Book List of the Week

Cino Zucchi’s Book List: Inner Resonances

By Steve Kroeter November 18, 2013
Cino Zucchi, Architect: CZA — Cino Zucchi Architetti (Milan)
View Cino Zucchi’s Book List

“Encountering knowledge is like encountering love,” writes Milan-based architect Cino Zucchi in the introduction to his book list. “The books that have been meaningful to us are more often ‘found’ than searched for, and the long-lasting impression they make on our mind or soul is caused by inner resonances. Sometimes they are sitting on the shelf right next to the one we were looking for, sometimes we are just inspired by their whimsical title in someone else’s bibliography, sometimes they are passed on by a friend. . .”
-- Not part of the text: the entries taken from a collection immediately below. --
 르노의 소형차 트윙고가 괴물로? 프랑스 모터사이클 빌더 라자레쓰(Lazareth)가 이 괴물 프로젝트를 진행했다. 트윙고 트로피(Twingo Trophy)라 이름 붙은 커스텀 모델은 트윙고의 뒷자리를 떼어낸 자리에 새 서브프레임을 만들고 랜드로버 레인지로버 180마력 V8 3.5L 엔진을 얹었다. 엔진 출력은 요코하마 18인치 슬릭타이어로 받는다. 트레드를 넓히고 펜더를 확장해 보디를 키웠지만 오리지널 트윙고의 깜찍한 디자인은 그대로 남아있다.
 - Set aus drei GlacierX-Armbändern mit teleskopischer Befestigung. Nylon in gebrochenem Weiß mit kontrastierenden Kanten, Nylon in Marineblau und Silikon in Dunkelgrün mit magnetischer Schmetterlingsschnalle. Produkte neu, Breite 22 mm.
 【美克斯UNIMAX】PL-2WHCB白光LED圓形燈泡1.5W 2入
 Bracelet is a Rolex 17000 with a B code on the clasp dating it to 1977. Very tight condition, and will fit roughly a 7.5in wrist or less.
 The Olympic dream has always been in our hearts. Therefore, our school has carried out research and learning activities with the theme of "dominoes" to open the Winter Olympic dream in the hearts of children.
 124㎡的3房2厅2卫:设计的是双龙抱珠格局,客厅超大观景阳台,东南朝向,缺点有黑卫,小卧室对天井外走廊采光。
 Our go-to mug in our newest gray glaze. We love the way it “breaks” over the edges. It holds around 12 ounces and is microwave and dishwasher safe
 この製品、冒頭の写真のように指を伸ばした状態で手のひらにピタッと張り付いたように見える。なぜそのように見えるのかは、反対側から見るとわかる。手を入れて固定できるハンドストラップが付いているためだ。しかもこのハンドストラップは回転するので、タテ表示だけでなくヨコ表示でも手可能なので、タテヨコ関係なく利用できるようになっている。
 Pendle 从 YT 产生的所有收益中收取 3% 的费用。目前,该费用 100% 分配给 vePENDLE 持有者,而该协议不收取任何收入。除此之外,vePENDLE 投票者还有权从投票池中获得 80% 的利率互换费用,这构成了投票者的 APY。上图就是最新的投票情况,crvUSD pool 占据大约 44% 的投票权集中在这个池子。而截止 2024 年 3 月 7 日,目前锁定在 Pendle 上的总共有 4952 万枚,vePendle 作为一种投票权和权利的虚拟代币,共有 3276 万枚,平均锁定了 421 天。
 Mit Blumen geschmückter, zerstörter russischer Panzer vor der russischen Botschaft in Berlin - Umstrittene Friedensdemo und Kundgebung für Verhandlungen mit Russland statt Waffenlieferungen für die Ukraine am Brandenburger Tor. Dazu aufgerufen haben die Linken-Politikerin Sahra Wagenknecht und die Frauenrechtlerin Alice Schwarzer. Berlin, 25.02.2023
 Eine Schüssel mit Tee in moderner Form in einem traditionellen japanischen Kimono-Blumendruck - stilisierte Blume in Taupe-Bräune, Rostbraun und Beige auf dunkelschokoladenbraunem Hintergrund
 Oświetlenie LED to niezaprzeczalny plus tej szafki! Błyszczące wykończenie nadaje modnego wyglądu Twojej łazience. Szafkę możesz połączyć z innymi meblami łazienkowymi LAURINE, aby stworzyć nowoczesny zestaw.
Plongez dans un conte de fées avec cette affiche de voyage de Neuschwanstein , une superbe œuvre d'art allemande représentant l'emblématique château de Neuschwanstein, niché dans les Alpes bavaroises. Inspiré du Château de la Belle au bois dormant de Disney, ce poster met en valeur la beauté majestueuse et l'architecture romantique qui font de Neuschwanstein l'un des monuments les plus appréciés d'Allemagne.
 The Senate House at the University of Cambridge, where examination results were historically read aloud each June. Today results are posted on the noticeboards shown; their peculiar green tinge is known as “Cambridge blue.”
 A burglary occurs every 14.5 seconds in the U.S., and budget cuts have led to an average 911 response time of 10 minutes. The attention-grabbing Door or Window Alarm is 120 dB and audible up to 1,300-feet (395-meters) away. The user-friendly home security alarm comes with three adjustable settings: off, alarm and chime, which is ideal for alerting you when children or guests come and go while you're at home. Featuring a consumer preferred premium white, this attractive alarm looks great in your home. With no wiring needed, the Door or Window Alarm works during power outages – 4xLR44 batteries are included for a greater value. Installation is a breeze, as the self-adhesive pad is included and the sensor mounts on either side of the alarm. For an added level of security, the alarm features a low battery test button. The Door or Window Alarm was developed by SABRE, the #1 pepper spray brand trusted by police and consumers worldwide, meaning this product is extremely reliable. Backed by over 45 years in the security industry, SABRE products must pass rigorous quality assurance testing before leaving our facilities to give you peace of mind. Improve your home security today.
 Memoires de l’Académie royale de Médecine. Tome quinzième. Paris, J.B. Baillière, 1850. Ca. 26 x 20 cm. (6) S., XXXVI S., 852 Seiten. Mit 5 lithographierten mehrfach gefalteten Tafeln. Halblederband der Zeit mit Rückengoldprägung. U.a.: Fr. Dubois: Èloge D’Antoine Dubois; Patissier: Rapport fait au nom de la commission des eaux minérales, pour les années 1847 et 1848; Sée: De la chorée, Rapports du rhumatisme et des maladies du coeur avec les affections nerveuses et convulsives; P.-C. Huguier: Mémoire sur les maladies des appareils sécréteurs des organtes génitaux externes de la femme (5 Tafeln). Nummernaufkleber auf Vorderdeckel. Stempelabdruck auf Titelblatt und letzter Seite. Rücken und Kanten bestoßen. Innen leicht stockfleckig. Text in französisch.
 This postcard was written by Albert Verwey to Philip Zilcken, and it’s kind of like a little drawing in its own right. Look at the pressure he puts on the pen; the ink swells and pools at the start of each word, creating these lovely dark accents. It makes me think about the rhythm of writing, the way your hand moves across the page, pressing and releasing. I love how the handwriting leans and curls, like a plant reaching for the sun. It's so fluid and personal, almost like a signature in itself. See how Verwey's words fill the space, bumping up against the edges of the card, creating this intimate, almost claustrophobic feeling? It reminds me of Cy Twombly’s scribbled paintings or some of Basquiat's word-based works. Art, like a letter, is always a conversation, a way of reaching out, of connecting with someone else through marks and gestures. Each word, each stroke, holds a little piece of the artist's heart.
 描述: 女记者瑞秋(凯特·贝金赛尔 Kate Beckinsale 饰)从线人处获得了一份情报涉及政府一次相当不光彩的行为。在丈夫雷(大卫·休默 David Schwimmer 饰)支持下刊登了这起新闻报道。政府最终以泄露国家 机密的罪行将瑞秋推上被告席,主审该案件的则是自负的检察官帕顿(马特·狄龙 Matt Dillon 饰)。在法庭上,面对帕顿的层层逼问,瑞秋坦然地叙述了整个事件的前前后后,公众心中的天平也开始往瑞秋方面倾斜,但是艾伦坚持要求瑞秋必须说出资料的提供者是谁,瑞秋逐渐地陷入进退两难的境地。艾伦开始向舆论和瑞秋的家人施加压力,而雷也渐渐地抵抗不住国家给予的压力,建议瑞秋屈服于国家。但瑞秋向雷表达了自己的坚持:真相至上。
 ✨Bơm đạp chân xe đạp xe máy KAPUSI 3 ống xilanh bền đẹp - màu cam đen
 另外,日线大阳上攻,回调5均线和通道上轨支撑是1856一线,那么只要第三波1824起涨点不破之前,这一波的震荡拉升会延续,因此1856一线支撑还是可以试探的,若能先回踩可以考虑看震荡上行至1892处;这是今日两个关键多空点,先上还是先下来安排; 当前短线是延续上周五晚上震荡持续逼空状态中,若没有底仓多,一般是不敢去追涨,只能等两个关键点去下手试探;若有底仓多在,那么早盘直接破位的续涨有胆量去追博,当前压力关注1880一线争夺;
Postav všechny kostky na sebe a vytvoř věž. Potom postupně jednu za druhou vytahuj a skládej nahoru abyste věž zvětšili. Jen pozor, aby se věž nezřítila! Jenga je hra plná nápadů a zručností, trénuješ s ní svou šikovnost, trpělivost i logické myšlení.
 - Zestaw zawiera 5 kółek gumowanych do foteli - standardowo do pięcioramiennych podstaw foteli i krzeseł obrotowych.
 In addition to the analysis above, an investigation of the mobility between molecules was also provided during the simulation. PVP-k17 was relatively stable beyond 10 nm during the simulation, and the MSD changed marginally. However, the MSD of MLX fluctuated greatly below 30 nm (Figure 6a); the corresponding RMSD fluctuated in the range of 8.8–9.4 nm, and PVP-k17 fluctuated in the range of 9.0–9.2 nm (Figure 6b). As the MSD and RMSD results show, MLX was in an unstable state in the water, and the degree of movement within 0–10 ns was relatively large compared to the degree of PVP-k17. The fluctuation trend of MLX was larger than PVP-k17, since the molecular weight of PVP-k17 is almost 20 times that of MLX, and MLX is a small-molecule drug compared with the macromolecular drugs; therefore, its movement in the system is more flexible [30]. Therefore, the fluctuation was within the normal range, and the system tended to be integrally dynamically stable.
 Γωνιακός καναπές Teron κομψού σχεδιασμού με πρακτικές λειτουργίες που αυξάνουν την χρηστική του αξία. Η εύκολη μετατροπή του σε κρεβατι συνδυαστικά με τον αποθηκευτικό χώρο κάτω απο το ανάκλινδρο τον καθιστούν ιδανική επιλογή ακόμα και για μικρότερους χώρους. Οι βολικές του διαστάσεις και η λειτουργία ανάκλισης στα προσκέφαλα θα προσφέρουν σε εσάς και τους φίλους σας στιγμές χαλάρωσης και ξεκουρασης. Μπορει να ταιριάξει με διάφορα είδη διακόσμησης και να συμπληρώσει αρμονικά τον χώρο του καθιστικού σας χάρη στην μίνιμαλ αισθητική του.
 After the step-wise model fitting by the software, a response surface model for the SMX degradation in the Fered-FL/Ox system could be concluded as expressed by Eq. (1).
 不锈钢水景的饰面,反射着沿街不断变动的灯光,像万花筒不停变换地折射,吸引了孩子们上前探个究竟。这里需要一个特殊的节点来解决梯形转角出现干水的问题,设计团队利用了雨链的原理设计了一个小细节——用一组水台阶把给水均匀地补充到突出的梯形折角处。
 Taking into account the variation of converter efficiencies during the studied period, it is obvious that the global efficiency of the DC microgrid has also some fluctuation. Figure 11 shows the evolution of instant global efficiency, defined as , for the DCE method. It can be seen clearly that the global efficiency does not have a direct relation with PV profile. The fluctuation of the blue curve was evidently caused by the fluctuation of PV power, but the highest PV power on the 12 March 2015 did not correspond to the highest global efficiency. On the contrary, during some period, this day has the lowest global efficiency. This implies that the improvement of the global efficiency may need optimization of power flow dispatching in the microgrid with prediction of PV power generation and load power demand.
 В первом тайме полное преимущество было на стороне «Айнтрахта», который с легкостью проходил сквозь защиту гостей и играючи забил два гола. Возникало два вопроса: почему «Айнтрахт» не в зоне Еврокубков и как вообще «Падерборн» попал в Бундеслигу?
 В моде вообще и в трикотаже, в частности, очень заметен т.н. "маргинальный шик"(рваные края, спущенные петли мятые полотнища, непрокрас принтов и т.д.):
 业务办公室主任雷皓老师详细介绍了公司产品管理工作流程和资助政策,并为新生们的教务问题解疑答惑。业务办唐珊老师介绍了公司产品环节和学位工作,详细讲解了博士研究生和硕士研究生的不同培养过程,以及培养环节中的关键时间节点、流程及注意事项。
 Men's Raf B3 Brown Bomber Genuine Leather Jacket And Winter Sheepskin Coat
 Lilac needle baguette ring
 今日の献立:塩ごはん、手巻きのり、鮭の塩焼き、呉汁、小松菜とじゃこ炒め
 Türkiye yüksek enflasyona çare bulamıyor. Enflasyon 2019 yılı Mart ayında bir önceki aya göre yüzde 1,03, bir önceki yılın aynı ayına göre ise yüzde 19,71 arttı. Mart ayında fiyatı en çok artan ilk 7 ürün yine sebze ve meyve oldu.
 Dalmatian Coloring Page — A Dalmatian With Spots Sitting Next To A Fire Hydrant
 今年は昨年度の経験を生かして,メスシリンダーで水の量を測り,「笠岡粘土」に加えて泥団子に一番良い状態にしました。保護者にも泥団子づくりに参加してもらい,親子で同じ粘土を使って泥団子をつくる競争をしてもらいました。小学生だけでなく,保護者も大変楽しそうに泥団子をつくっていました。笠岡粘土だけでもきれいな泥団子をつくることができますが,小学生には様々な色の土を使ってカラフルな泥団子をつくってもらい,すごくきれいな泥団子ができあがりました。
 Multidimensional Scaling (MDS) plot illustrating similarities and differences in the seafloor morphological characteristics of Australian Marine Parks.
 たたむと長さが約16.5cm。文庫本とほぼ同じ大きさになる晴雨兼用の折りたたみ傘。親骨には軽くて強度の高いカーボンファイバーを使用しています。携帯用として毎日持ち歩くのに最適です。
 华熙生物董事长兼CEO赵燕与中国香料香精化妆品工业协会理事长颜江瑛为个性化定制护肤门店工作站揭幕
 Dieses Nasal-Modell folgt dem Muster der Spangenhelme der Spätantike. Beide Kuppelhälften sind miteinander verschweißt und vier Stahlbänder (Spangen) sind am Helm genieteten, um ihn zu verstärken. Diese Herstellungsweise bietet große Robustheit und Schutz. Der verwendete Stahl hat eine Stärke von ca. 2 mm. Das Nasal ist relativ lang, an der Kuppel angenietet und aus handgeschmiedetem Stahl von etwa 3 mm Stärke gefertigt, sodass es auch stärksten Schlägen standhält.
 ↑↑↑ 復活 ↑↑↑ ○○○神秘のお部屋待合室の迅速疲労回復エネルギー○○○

With an architect’s eye, Zucchi observes further, “In our mind, the books we read form an elaborate geography of towns, valleys, cities; we love to visit new sites, but also to go back from time to time to places we love, seeing how much our memory has deformed their squares and their alleys to become a meaningful backdrop of our own wandering paths.”

Among the titles that have resonated for Zucchi are Borges’s anthology of short stories Ficciones, which, Zucchi says, contain “a perfect language for a perfect narrative construction, in which the exactness of argumentation leads to making paradoxes true.” He also includes Paul Valéry’s Introduction to the Method of Leonardo da Vinci, saying that the author, a poet, “decided to quit poetry and write about almost every field of human experience.” The late naturalist Stephen Jay Gould’s Bully for Brontosaurus is accompanied by this description from Zucchi: “Plain language and sophisticated thought by one of the last scientists with deep humanistic interests. Gould narrates the story of the QWERTY keypad as it were that of a mollusk of the ’Cambrian explosion.’” Included along with several titles on architecture and form-making is Bernard Rudofsky’s Architecture Without Architects (on five other Designers & Books lists). Zucchi calls this book, which advocates for architecture as a community experience, “a healthy antidote to self-centered design attitudes!”  

Inspiration and Process in Architecture: Cino Zucchi (2012, Moleskine®; distributed by Chronicle Books). Photo courtesy of Moleskine®

Cino Zucchi, who is known for his residential buildings in Venice and Milan, and the extension of the National Automobile Museum in Turin, is the recipient of several awards, including being honored at the 2012 Venice Architecture Biennale for his installation Copycat: Empathy and Envy as Form-makers. His methods and approach are detailed in his latest book, Inspiration and Process in Architecture: Cino Zucchi, part of a special series by Moleskine® (distributed by Chronicle Books) that collects the project drawings, sketches, and notes of key contemporary architects in the signature Moleskine journal format (bound between raw cardboard covers with a colored spine and elastic band). The result is a layered and intimate journey through the geography of Zucchi's thoughts and way of seeing.